Engpassanalyse im Restaurant
Mehr Personal hilft nicht, wenn es an der falschen Station eingesetzt wird. Die Engpassanalyse zeigt, wo das Nadelöhr wirklich sitzt — an Küche, Ausgabe, Service oder Kasse — und warum nur dort das Gegensteuern den Gesamtdurchsatz erhöht. Dieser Artikel erklärt die Methode in vier Schritten, mit Messwerten und Fallbeispielen.

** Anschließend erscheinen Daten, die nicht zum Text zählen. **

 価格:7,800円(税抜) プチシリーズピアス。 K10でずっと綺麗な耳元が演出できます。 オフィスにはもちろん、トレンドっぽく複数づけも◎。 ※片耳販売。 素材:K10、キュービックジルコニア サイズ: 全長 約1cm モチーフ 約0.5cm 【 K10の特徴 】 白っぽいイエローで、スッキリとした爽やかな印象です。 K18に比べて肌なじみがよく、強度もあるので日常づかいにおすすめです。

Grundlagen: Durchsatz und Ankunft
Ein Restaurant ist eine Kette von Stationen. Jede Station hat eine Durchsatzrate — Gäste oder Gerichte pro Zeiteinheit. Der Gästefluss durch den Betrieb wird durch die langsamste Station begrenzt, nicht durch den Durchschnitt aller Stationen. Das ist die Engpasslogik: Wenn die Ausgabe 60 Gäste pro Stunde schafft, die Küche 90 und die Kasse 120, dann ist die Ausgabe der Engpass. Mehr Personal an der Küche erhöht nur deren Auslastung, nicht den Gesamtdurchsatz.

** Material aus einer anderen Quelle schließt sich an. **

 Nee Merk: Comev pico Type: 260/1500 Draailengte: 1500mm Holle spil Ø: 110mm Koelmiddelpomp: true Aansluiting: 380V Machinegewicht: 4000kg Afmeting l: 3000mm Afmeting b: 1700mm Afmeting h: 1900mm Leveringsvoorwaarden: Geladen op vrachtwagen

Die zweite Kenngröße ist die Ankunftsrate der Gäste — wie viele Gäste pro Stunde an der Station ankommen. Liegt die Ankunftsrate über der Durchsatzrate, entsteht ein Rückstau. Die Differenz staut sich: Bei 90 Gästen Ankunft und 60 Gästen Durchsatz wachsen pro Stunde 30 Gäste in der Schlange. Nach 20 Minuten stehen 10 zusätzliche Gäste, nach einer Stunde 30.
Schritte der Engpassanalyse
Eine systematische Engpassanalyse folgt fünf Schritten:
- Daten erfassen: Verkaufsdaten je Stunde, Länge der Warteschlangen, Durchsatz je Station über 1–2 Wochen — besser 4 Wochen, um Wochentagmuster zuverlässig zu erkennen.
- Durchsatz je Station berechnen: Gerichte oder Gäste pro Minute, getrennt nach Stoß- und Nebenzeiten.
- Auslastungsgrad ermitteln: Tatsächlicher Durchsatz geteilt durch theoretische Maximalkapazität. Werte über 85 % in der Stoßzeit deuten auf Engpass.
- Engpass identifizieren: Station mit der höchsten Auslastung und der längsten Schlange bestimmen.
- Wirkung messen: Nach Umverteilung oder Kapazitätserhöhung die Kennzahlen 2 Wochen später erneut erheben.
Kennzahlen je Station
Für jede Station werden folgende Messgrößen erhoben:
- Durchsatzrate: Gäste oder Gerichte pro Minute. Beispiel: Ausgabe mit 2 Plätzen und 1,0 Gericht/min pro Platz = 120 Gerichte/h.
- Auslastungsgrad: Ist-Durchsatz / Maximalkapazität. Über 85 % = drohender Engpass, unter 60 % = Überbesetzung.
- Wartezeit an der Station: Zeit vom Eintreffen bis zum Abschluss. Quick-Service < 3 min, Vollservice < 8 min Bestellung-zu-Service.
- Engpass-Anteil: Anteil der Station an der Gesamtwartezeit. Über 60 % bedeutet: Diese Station ist der zentrale Hebel.
- Ankunftsrate: Gäste pro Stunde, die an der Station ankommen — aus Gästeprognose oder Messung.
Eine ausführliche Übersicht aller Messgrößen steht im Artikel Kennzahlen der Stationsoptimierung.
Ursache-Wirkung am Engpass
Die Wirkung eines Engpasses ist mathematisch: Wenn die Ankunftsrate λ (Gäste/min) größer ist als die Durchsatzrate μ (Gäste/min), wächst die Schlangenlänge mit der Zeit proportional zu (λ − μ). Die Wartezeit pro Gast steigt entsprechend.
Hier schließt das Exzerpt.